#### Dataset

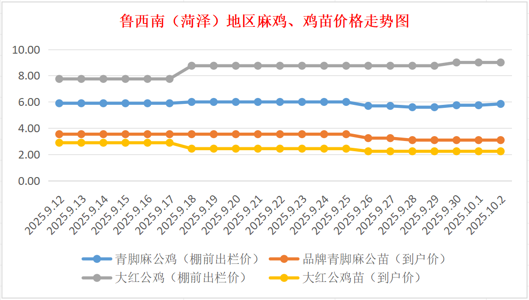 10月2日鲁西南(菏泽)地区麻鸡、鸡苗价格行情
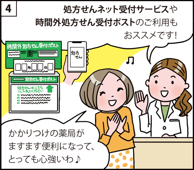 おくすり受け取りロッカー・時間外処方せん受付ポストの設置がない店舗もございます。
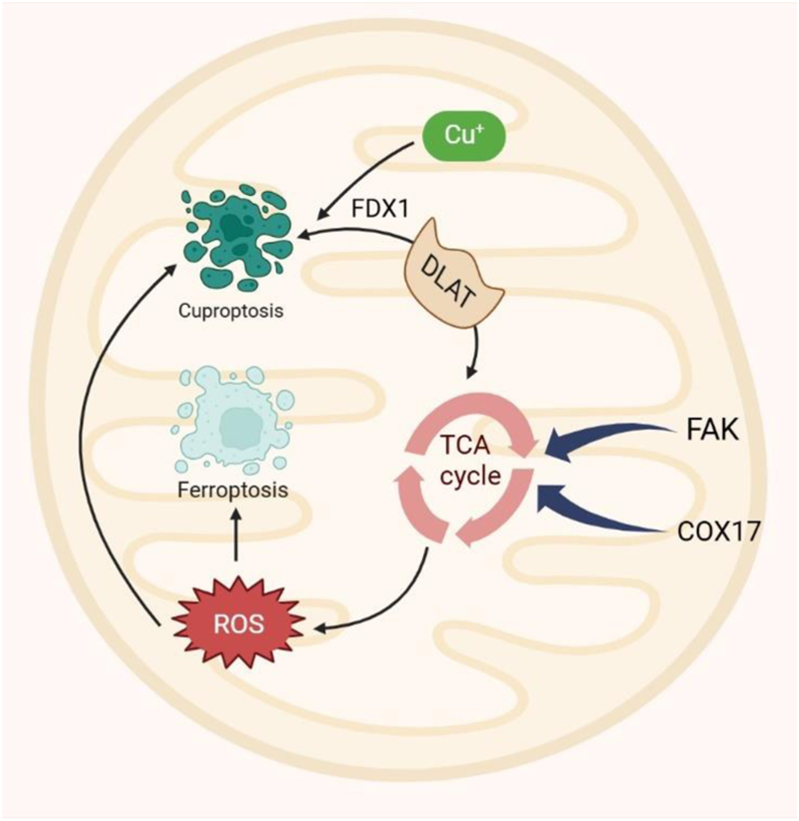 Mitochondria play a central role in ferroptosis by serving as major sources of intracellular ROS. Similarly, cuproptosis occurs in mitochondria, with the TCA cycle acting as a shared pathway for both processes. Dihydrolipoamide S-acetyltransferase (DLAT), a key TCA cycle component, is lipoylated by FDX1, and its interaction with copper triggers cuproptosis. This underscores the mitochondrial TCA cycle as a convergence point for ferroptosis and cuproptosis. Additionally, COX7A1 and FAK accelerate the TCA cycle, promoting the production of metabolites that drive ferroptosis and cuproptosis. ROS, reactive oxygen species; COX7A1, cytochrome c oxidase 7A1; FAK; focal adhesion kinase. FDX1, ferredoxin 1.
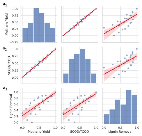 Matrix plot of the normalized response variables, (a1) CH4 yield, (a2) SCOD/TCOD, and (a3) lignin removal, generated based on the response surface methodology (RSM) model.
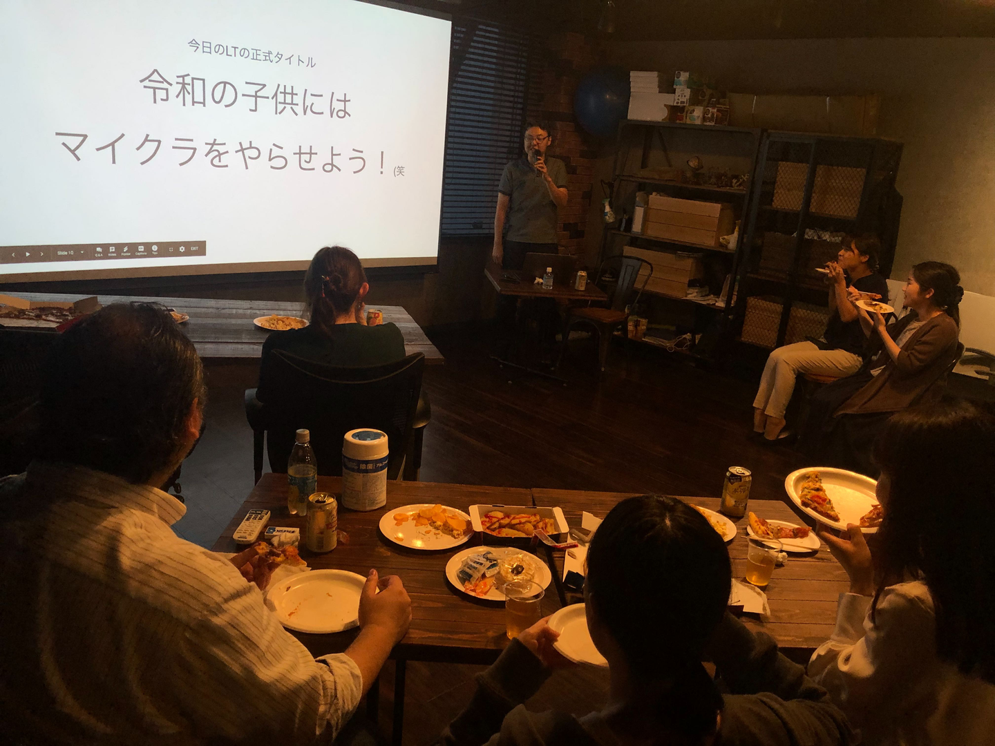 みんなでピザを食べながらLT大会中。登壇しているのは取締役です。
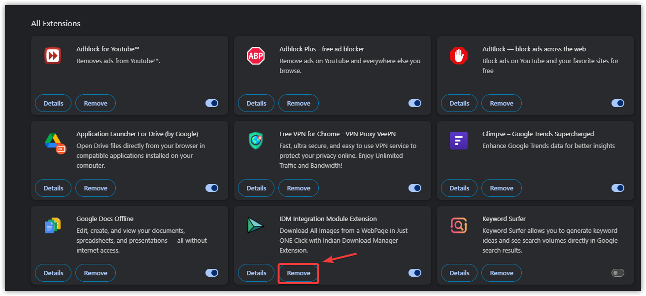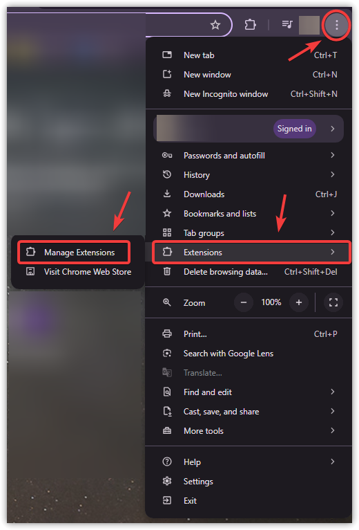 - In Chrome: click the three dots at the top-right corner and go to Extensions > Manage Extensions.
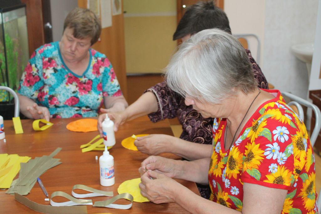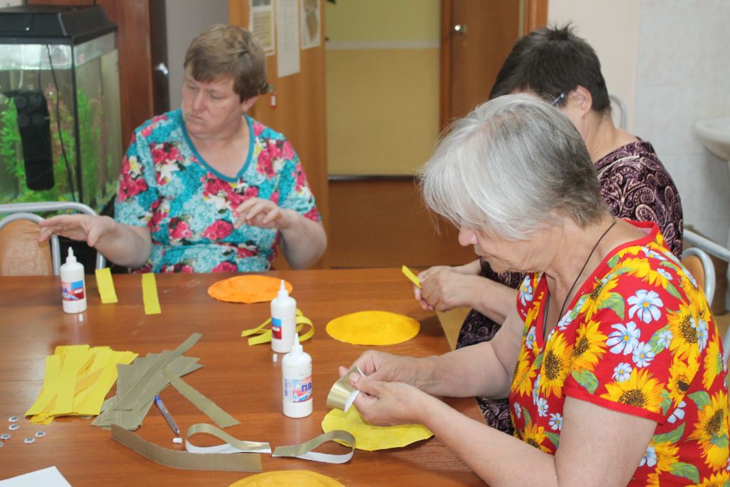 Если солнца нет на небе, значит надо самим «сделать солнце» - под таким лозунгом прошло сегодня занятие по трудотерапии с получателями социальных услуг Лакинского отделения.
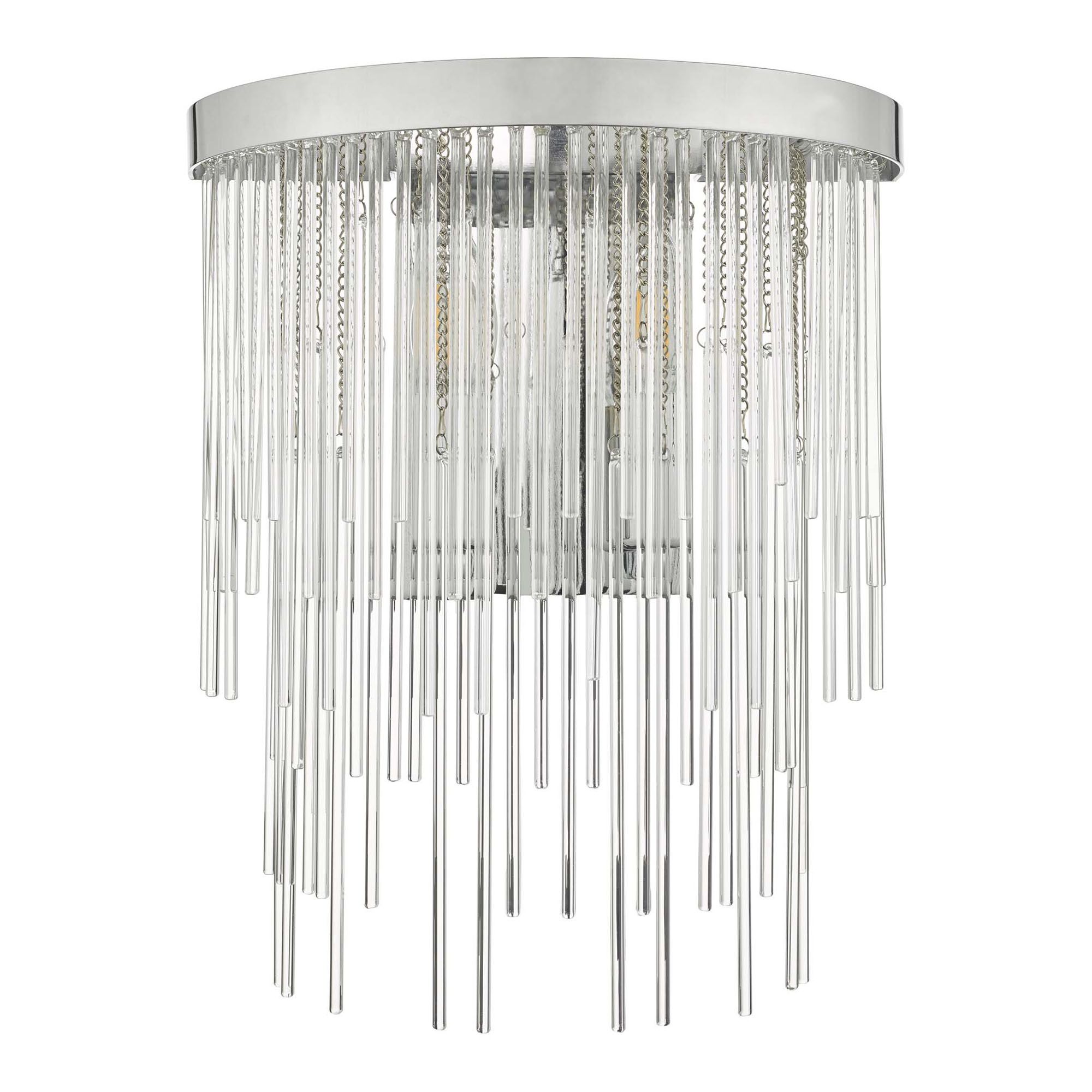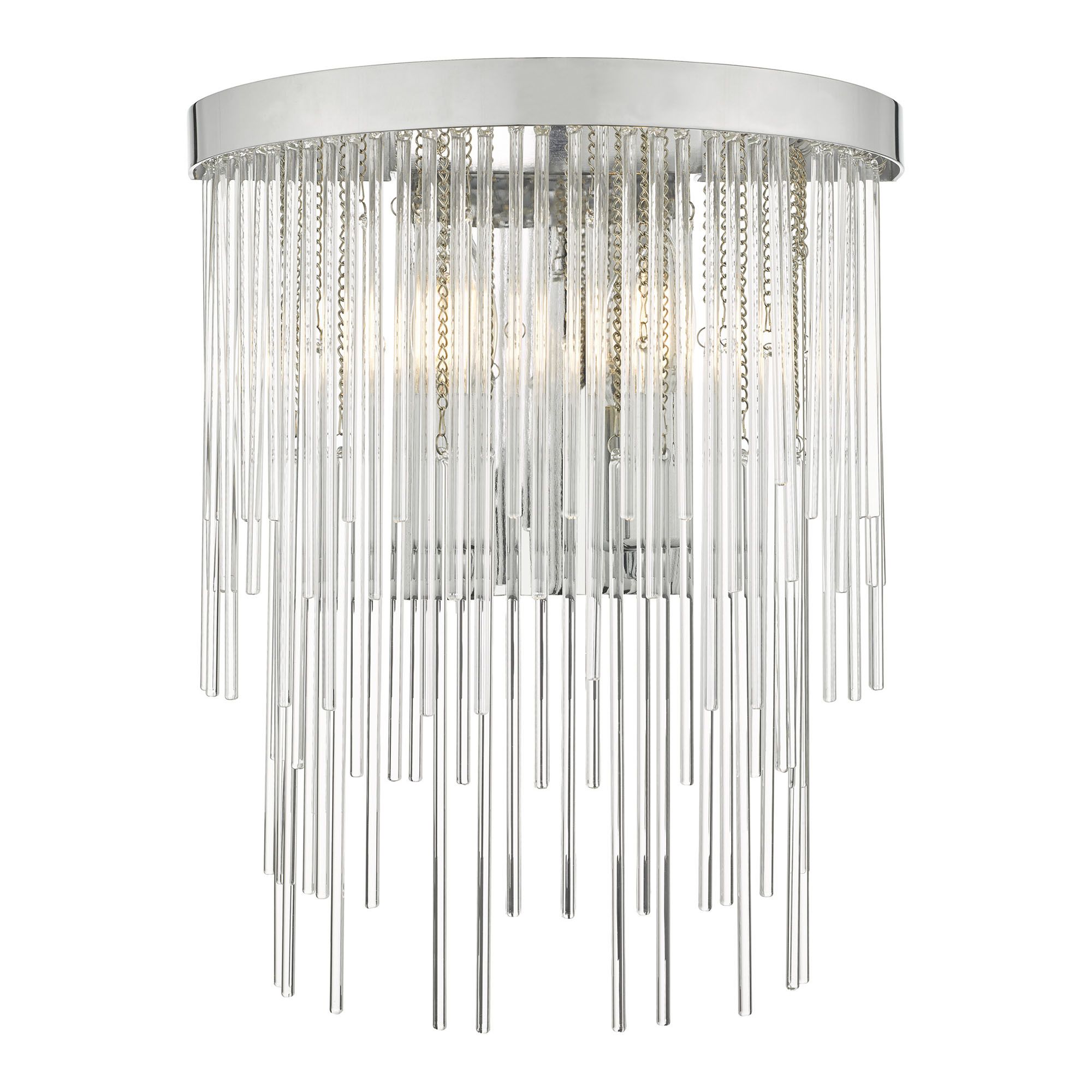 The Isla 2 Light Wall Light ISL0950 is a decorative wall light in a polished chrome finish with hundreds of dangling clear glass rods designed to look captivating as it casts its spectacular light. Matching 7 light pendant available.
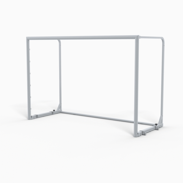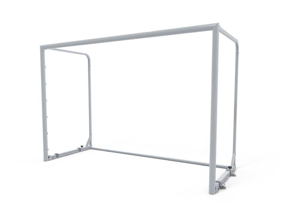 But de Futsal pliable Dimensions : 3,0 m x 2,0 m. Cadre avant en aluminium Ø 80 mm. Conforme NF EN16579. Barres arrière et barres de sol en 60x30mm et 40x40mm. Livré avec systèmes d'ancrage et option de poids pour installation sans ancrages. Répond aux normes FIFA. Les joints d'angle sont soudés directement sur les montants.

########

## [Exercise goal]
Could the stretch from the line with "おくすり受け取りロッカー・時" through the line with "Если солнца нет" in the listing above be restated word for word, minus the pictures?

## [Solution to the problem]
 おくすり受け取りロッカー・時間外処方せん受付ポストの設置がない店舗もございます。
 Mitochondria play a central role in ferroptosis by serving as major sources of intracellular ROS. Similarly, cuproptosis occurs in mitochondria, with the TCA cycle acting as a shared pathway for both processes. Dihydrolipoamide S-acetyltransferase (DLAT), a key TCA cycle component, is lipoylated by FDX1, and its interaction with copper triggers cuproptosis. This underscores the mitochondrial TCA cycle as a convergence point for ferroptosis and cuproptosis. Additionally, COX7A1 and FAK accelerate the TCA cycle, promoting the production of metabolites that drive ferroptosis and cuproptosis. ROS, reactive oxygen species; COX7A1, cytochrome c oxidase 7A1; FAK; focal adhesion kinase. FDX1, ferredoxin 1.
 Matrix plot of the normalized response variables, (a1) CH4 yield, (a2) SCOD/TCOD, and (a3) lignin removal, generated based on the response surface methodology (RSM) model.
 みんなでピザを食べながらLT大会中。登壇しているのは取締役です。
 - In Chrome: click the three dots at the top-right corner and go to Extensions > Manage Extensions.
 Если солнца нет на небе, значит надо самим «сделать солнце» - под таким лозунгом прошло сегодня занятие по трудотерапии с получателями социальных услуг Лакинского отделения.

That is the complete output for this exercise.